Newspaperofrecord tries going longer in Belmont Oaks

ELMONT, N.Y. – The aura of invincibility that Newspaperofrecord had as a 2-year-old has vanished. She has been beaten twice in as many starts as a 3-year-old, and questions surround the filly’s distance capabilities.
Trainer Chad Brown still holds out hope that Newspaperofrecord is without distance limitations. He feels that she just needs to be ridden differently to prove it. Brown hopes he can get a different trip – and a different outcome – Saturday when Newspaperofrecord tries 1 1/4 miles for the first time in the Grade 1, $750,000 Belmont Oaks Invitational on the turf.

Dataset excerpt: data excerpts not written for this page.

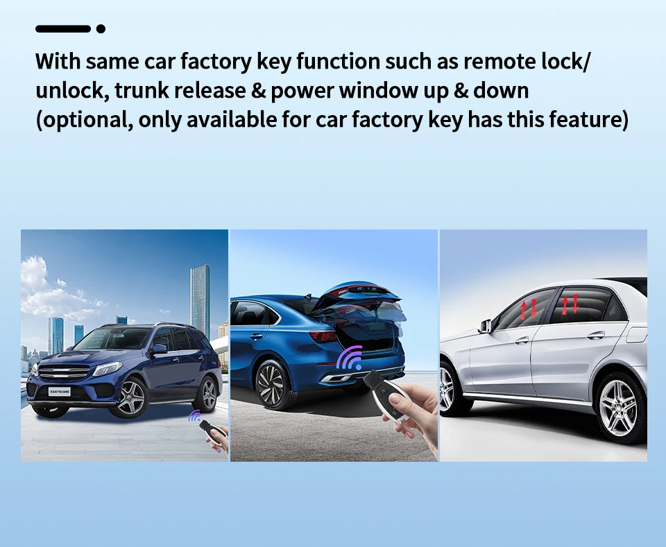 With same car factory key function such as remote lock/unlock, trunk release &power window up & down (optional, only available for car factory key has this feature)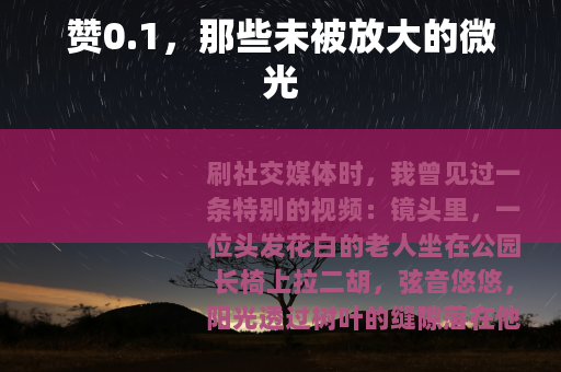 刷社交媒体时,我曾见过一条特别的视频:镜头里,一位头发花白的老人坐在公园长椅上拉二胡,弦音悠悠,阳光透过树叶的缝隙落在他微颤的手指上,视频的播放量不足百次,点赞数只有1——评论区空无一人,仿佛这片旋律只属于他和偶尔驻足的风,我盯着那个孤零零的赞,忽然觉得,它像极了生活里那些被忽略的“赞0.1”:微小到几乎可以忽略,却藏着最真实的温度。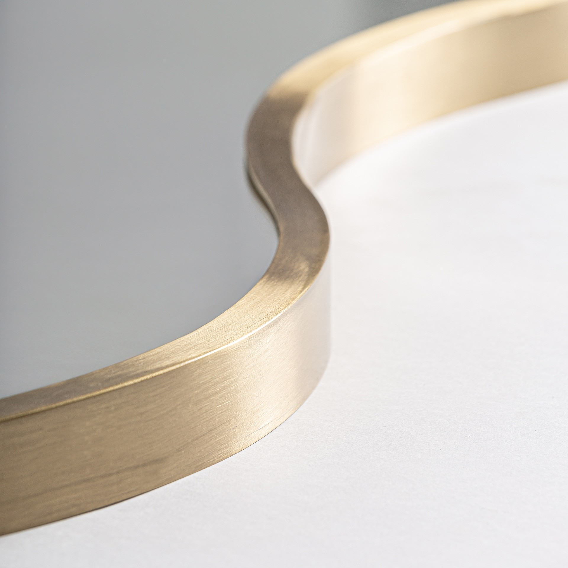 Огледалото Rinhe, изработено от златиста стомана и стъкло, представя изискана естетика в стил арт деко. Творение на VICAL, което носи светлина и елегантност.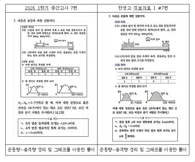 2026 한영고 물리학 1학기 중간고사 핵심 분석 BY 이준기 1) 출제 유형 분석 단원별 출제 문항 수 난이도 : 중~중상 -------------------------------------------------------------------------------- 2) 예상 등급컷 1등급 : 90점 초반 -------------------------------------------------------------------------------- 3) 1등급 판별 : 준킬러 & 킬러 문항 - 준킬러 문항 #5번 문항 : 시간 압박 속 당황하기 쉬운 유형 물체의 운동에서 시간에 대한 미지수가 2개 이상 겹치며 체감 난이도를 높였다. 타임어택이라는 압박감 속에서 학생들이 추정하기 까다로웠을 것이다. #11번 문항 : 정리하는 습관이 등급을 가른 문항 마찰이 작용....... <img src="https://blogthumb.pstatic.net/MjAyNjA0MjVfMTI3/MDAxNzc3MTA1NDU0OTgw.aFQ2h8SzfV8fagzOxfnszJOpbuSAcWq2W62jv8xKInog.KSD9sDnIAaLWVhx5M_LoLwU-ySS8IKWYavj_6R8KG0kg.JPEG/%C7%D1%BF%B5_%B9%B0%B8%AE%C7%D0.jpg?type=s3" />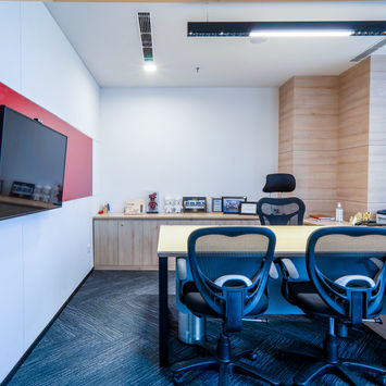 Grupo Bimbo's Gurgaon office spans 16,500 sq. ft., designed to reflect the brand’s global presence and dynamic work culture. The space combines open work areas, collaborative zones, and modern amenities for a productive environment. Thoughtfully planned interiors enhance functionality while promoting creativity and employee well-being.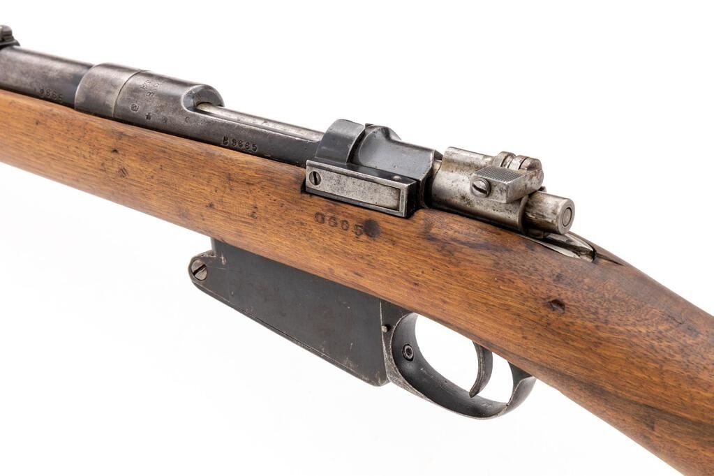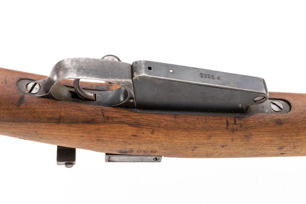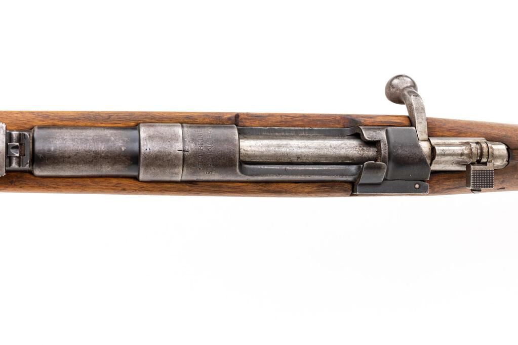 Shortened Belgian Model 1889 Mauser Bolt Action Rifle, #B9665, 7.65x53mm, 22" barrel, blued finish, hardwood stock set, inverted "V" front sight and adjustable folding leaf rear sight. Marked "ETAT BELGE BIRMINGHAM" on top of receiver ring. Matching numbers except for stock. Rifle appears to have been arsenal shortened to its present configuration. Condition overall is good with the metal retaining approx. 60% finish, showing thinning and patina and with a dent to the top of the barrel jacket. Wood has been sanded and oiled over old handling marks, now in good condition. Action operates smoothly; bore has a dark area mid barrel that may clean better, otherwise bright with very good rifling. No visible import marks. Est.: $300-$500. (C&R)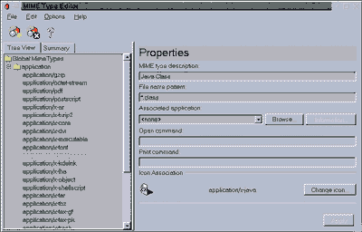 Рис. 5 Заметим, что Corel Update можно использовать и просто как средство просмотра "хозяйства" вашей системы. Task ManagerПросмотр текущих запущенных задач обязан быть удобным. Если использовать стандартную утилиту UNIX под названием ps, то вы узнаете все, что хотите, но, конечно, основательно повозитесь, отыскивая и сравнивая идентификаторы процессов. Обычный пользователь должен быть огражден от подобной канители. Удобный менеджер задач Task Manager значительно облегчает просмотр процессов в памяти, показа их отношений типа "родительский - порожденный" между ними в виде иерархического дерева. Фильтр позволяет определить, какие задачи нужно отображать: только пользовательские или только системные. Кроме того, "по совместительству" Task Manager работает как измеритель использования системных ресурсов. MIME Type EditorЕще одна важная утилита - утилита-редактор типов файлов, MIME Type Editor, заведующая связями между типами файлов и программами-серверами (рис. 6).

In the Oaks, Newspaperofrecord will face the only two fillies to have defeated her – stablemate Cambier Parc in the Grade 3 Wonder Again here June 6 and Concrete Rose in the Grade 3 Edgewood at Churchill Downs on May 3. In both races, Newspaperofrecord appeared to be cruising on the lead. Until she wasn’t.
“There’s some reasonable doubt around her, how far she wants to go,” Brown said Thursday at steamy Belmont Park. “It’s my personal belief that she just doesn’t want to be running the way she has been – out on the lead with no target, no cover, fighting the rider a little bit. That’s what I think. We’ll see. I’m going to give her the opportunity to prove that out.”
The problem for her in the Oaks is there does not appear to be any legitimate speed. Getting Newspaperofrecord behind another horse could be a chore for Irad Ortiz Jr.
“I would prefer her not [on the lead], but I can’t say with certainty the way the field’s shaping up,” Brown said. “It’s going to be a game-time decision that will ultimately be left up to the jockey.”
Brown has won this race – called the Belmont Oaks since 2014 but known as the Garden City before then – in five of the last seven years. He has two others in this field capable of getting the job done in Cambier Parc, who beat Newspaperofrecord by 3 3/4 lengths in the Wonder Again, and Cafe Americano, who is 2 for 2 but has yet to run in a stakes race.
Cambier Parc is 3 for 4 on turf, with her only loss coming in the Edgewood, run over soft turf. It certainly seems like 1 1/4 miles is within her scope. Brown said Cambier Parc should find herself forwardly placed after breaking from the outside post in this nine-horse field.
“She’s a big, powerful horse with a good kick, but she doesn’t have an amazing turn of foot,” Brown said.
Cafe Americano, who won a 1 1/8-mile allowance race here June 1, “wants a mile and a quarter for sure, and she’s improving rapidly, by the week,” Brown said.
“She’s a contender,” he added.
Concrete Rose, trained by Rusty Arnold, is 4 for 5, with her only loss coming to Newspaperofrecord in the Breeders’ Cup Juvenile Fillies Turf, run over a boggy Churchill course. In two starts this year, Concrete Rose won the Grade 3 Florida Oaks at Tampa Bay Downs and the Edgewood, both at 1 1/16 miles. Arnold by design has waited two months to run the filly again.
Arnold said Concrete Rose has trained superbly, and he got her to New York in time to school in the paddock, which he feels is important because she can be finicky. Arnold isn’t sure about the distance. Concrete Rose is by Twirling Candy – whose son One Bad Boy just won the 1 1/4-mile Queen’s Plate – and her dam’s sire is Powerscourt, who won the Arlington Million at 1 1/4 miles.
“She looks wonderful,” Arnold said. “She’s trained great. She’s not a big, robust horse – that was one of the reasons we decided not to squeeze another race in. This filly has done really well and has a great mind.”
Julien Leparoux will ride Concrete Rose from post 3.
The only other U.S.-based runner in the Oaks is Dyna Passer, coming off a maiden win at 1 3/8 miles.
Aidan O’Brien, who won this race last year with Athena, has shipped in Coral Beach and Just Wonderful. Coral Beach, assistant trainer T.J. Comferford said, should appreciate the 1 1/4 miles.
Olendon was beaten a length in a Group 1 stakes in France going 1 1/4 miles last out. Trained by Pascal Bary, Olendon will remain in the U.S. with Brown after this race.
Jodie is here from Japan with spotty form. Two back, she finished third in a Grade 2, and most recently she was beaten 18 1/2 lengths in a Group 1.
The Belmont Oaks is the first leg of a turf tiara that will continue with the Saratoga Oaks on Aug. 2 and conclude with the Jockey Club Oaks back at Belmont on Sept. 7.